V-B Individualized Weights

By introducing individualized (per patient) mixing weights Π defined in (11), we improve the performance of our En-LLG model in the MASE score from 0.08351 to 0.07538, an improvement of 9.73% compared against the model where each mixture component has a fixed weight for all patient cases. The reason that individualized weights are better than fixed weights in our model might be that they better approximate the responsibilities.

In training, we can optimize the responsibility a component should take to “explain” an observed target value xp,v,b for pPv,btr. These correspond to Q in (13). However, when making inference, we can not calculate the responsibility each component should take to “explain” missing values, because responsibilities depend on observed target values, according to (13). We have to use Π, the individualized mixing weights. In a standard mixture model, we could use πv,b(k), which is the average of responsibilities of the kth component across all training patients, as a fixed weight that the kth component should contribute to impute missing values x:,v,bmis for all test patients. However, patient time series can be very different and the confidence of predictions by the GP component can vary largely across different patient cases. In our mixture model, therefore, a fixed weight can not reflect such variation in prediction confidence.

We shall view an individualized mixing weight as an approximation of how much responsibility a component should take to impute the missing value for a particular patient case. It is tailored for each patient. As defined in (11), the individualized mixing weights only depend on the inputs, therefore, we can calculate them when making inferences on the test set.

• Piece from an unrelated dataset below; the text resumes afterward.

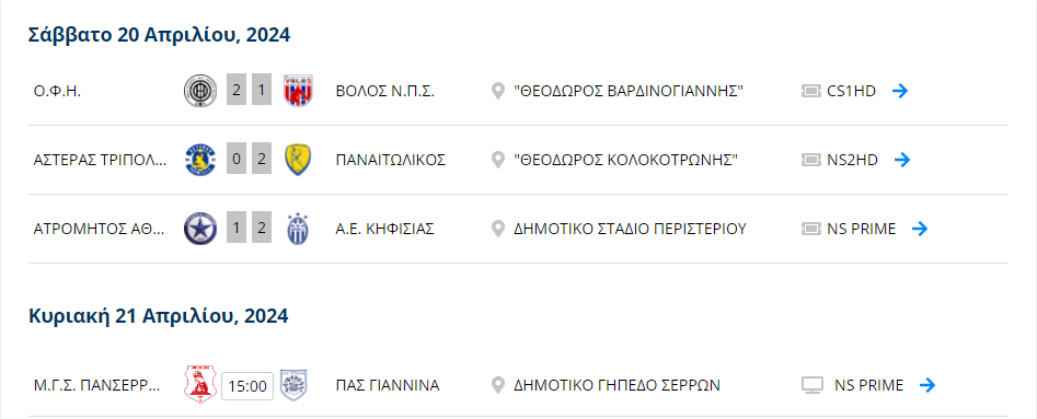 20:00: Αστέρας Τρίπολης – ΟΦΗ
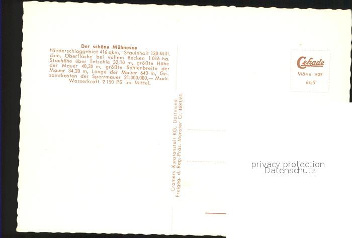 72240272 Moehnesee Talsperre Fliegeraufnahme postalisch nicht gelaufen Erhaltung siehe scans KatCode: 11110005974032

In Fig. 3, we plot the distribution of the individualized weights Π of the GP component in the training set and compare it with the distribution of the optimized responsibility values Q. The responsibilities that the GP component should take can vary a lot in different patient cases, especially on the synthetic dataset, which implies that it is more reasonable for patients to get individualized mixing weights than a fixed weight. We also observe that the individualized mixing weights reasonably mimic the distribution of the optimized responsibilities on the training set. The improvement of our model on the test set attests that the individualized weights approximate the responsibilities better than fixed weights.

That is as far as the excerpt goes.